Transcribe each line of the records below exactly, excluding any embedded images.

*** Opening of Material to process ***

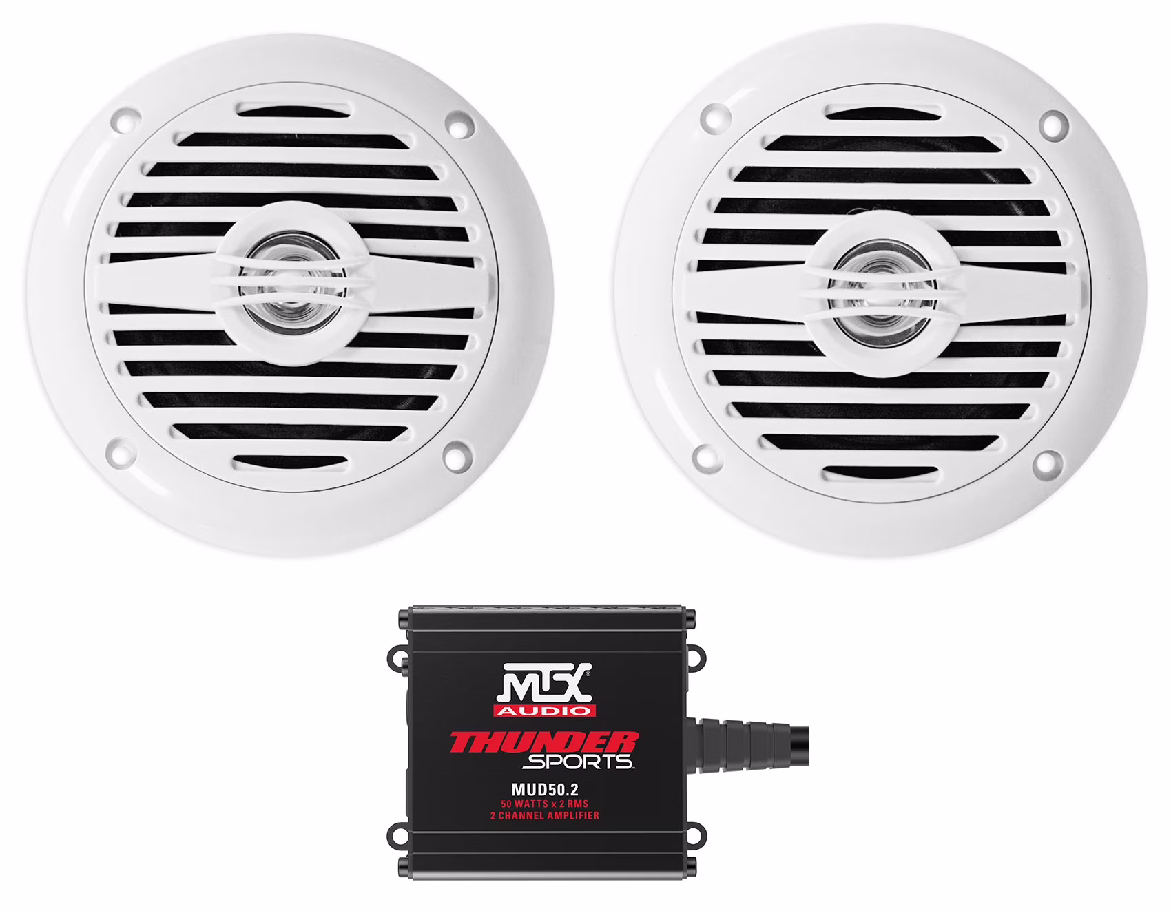 2) Rockville MS40W White 4" 200 Watt Speakers+MTX Amplifier For ATV/UTV/Cart
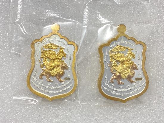 เคาะเดียวแดง 150 ( 2 เหรียญ ) เหรียญรูปเหมือน หลังหนุมาน8กรขี่สิงห์ รุ่น มหาเศรษฐี๘๐ หลวงพ่อเอื้อน วัดวังแดงใต้ จ.พระนครศรีอยุธยา เนื้อโลหะชุบ สามกษัตริย์ กล่องเดิม |
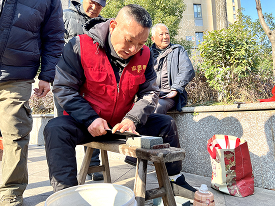 “春滿人間民泰安 龍騰云海國昌盛”來自太湖街道成校的書法老師揮毫潑墨,一幅幅墨香濃郁、寓意美好祝福的大紅春聯和喜慶“福”字及“龍”形字畫躍然紙上,讓前來領取春聯的居民喜笑顏開。“手寫春聯、福字是在用墨香傳遞傳統文化,這份‘新年禮物’何等珍貴,相比購買印刷的春聯、福字,手寫得更有人情味。”王阿姨手捧新鮮出爐的春聯開心地說。志愿服務廣場一側是城管、消防、公安、銀行在開展垃圾分類、文明養犬、燃氣安全、禁止燃放煙花爆竹、反詐等宣傳,他們向前來的居民們發放單頁,進行現場普及、講解;另一側則是愛心商戶們支起的市集攤位,骨科義診、口腔義診、量血壓、測血糖等形式進行衛生健康科普宣傳,倡導廣大居民主動學習健康知識,掌握健康技能,踐行文明健康的生活方式,積極營造“全民健康、人人參與”的良好社會氛圍;與此同時還有義剪、磨剪刀等便民服務,吸引了一眾居民前來參與,場面熱火朝天。
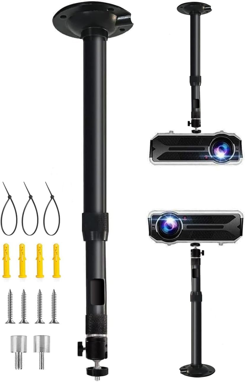 - 1. EXTENDABLE LENGTH - The Projector mount pole has an extending length from 14-24 in / 37-62 cm. Just adjust and fix a perfect length for your projection.
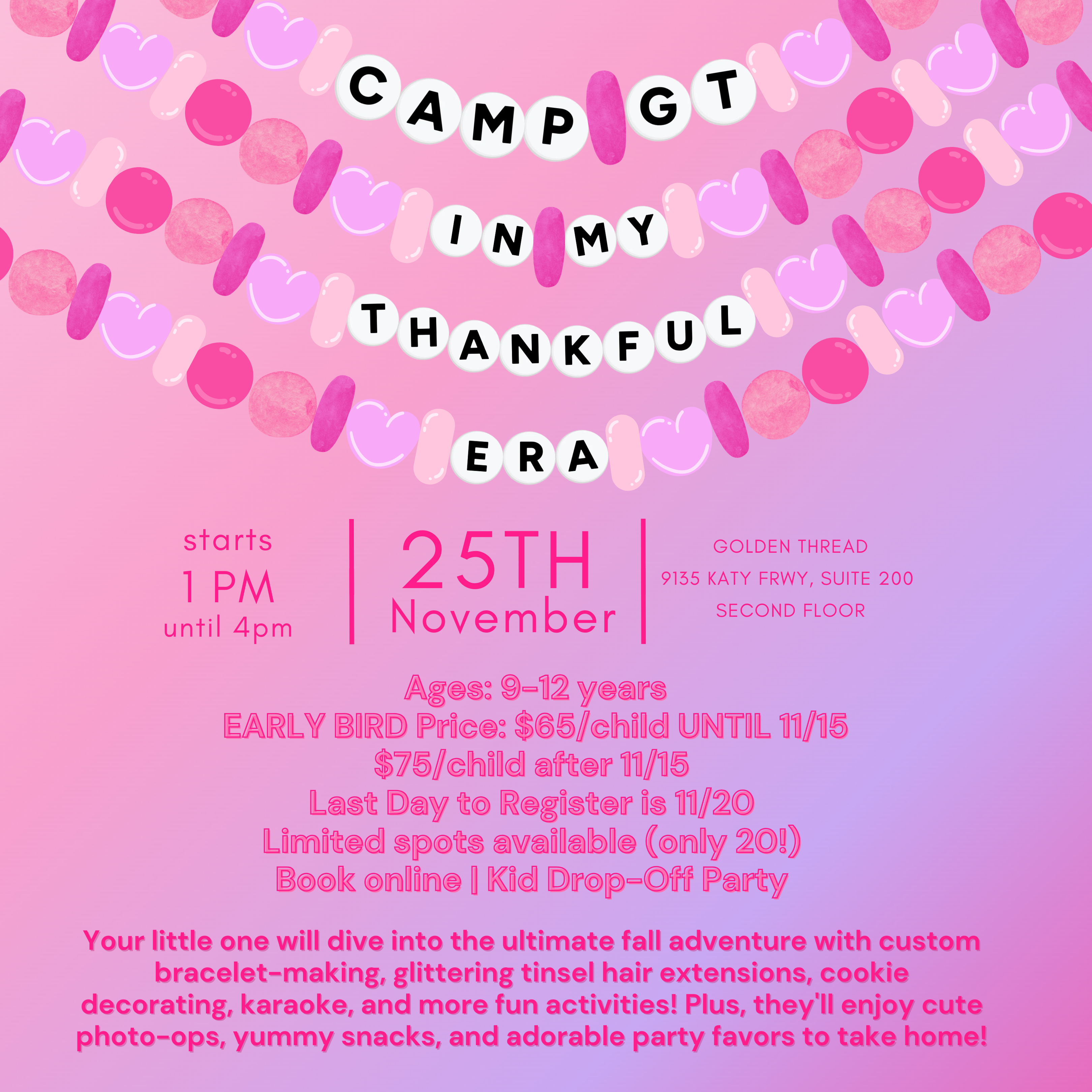 Your little one will dive into the ultimate fall adventure with custom bracelet-making, glittering tinsel hair extensions, cookie decorating, karaoke, and more fun activities! Plus, they'll enjoy cute photo-ops, yummy snacks, and adorable party favors to take home!

*** Close of Material to process ***

Answer for the task -
 2) Rockville MS40W White 4" 200 Watt Speakers+MTX Amplifier For ATV/UTV/Cart
 เคาะเดียวแดง 150 ( 2 เหรียญ ) เหรียญรูปเหมือน หลังหนุมาน8กรขี่สิงห์ รุ่น มหาเศรษฐี๘๐ หลวงพ่อเอื้อน วัดวังแดงใต้ จ.พระนครศรีอยุธยา เนื้อโลหะชุบ สามกษัตริย์ กล่องเดิม |
 “春滿人間民泰安 龍騰云海國昌盛”來自太湖街道成校的書法老師揮毫潑墨,一幅幅墨香濃郁、寓意美好祝福的大紅春聯和喜慶“福”字及“龍”形字畫躍然紙上,讓前來領取春聯的居民喜笑顏開。“手寫春聯、福字是在用墨香傳遞傳統文化,這份‘新年禮物’何等珍貴,相比購買印刷的春聯、福字,手寫得更有人情味。”王阿姨手捧新鮮出爐的春聯開心地說。志愿服務廣場一側是城管、消防、公安、銀行在開展垃圾分類、文明養犬、燃氣安全、禁止燃放煙花爆竹、反詐等宣傳,他們向前來的居民們發放單頁,進行現場普及、講解;另一側則是愛心商戶們支起的市集攤位,骨科義診、口腔義診、量血壓、測血糖等形式進行衛生健康科普宣傳,倡導廣大居民主動學習健康知識,掌握健康技能,踐行文明健康的生活方式,積極營造“全民健康、人人參與”的良好社會氛圍;與此同時還有義剪、磨剪刀等便民服務,吸引了一眾居民前來參與,場面熱火朝天。
 - 1. EXTENDABLE LENGTH - The Projector mount pole has an extending length from 14-24 in / 37-62 cm. Just adjust and fix a perfect length for your projection.
 Your little one will dive into the ultimate fall adventure with custom bracelet-making, glittering tinsel hair extensions, cookie decorating, karaoke, and more fun activities! Plus, they'll enjoy cute photo-ops, yummy snacks, and adorable party favors to take home!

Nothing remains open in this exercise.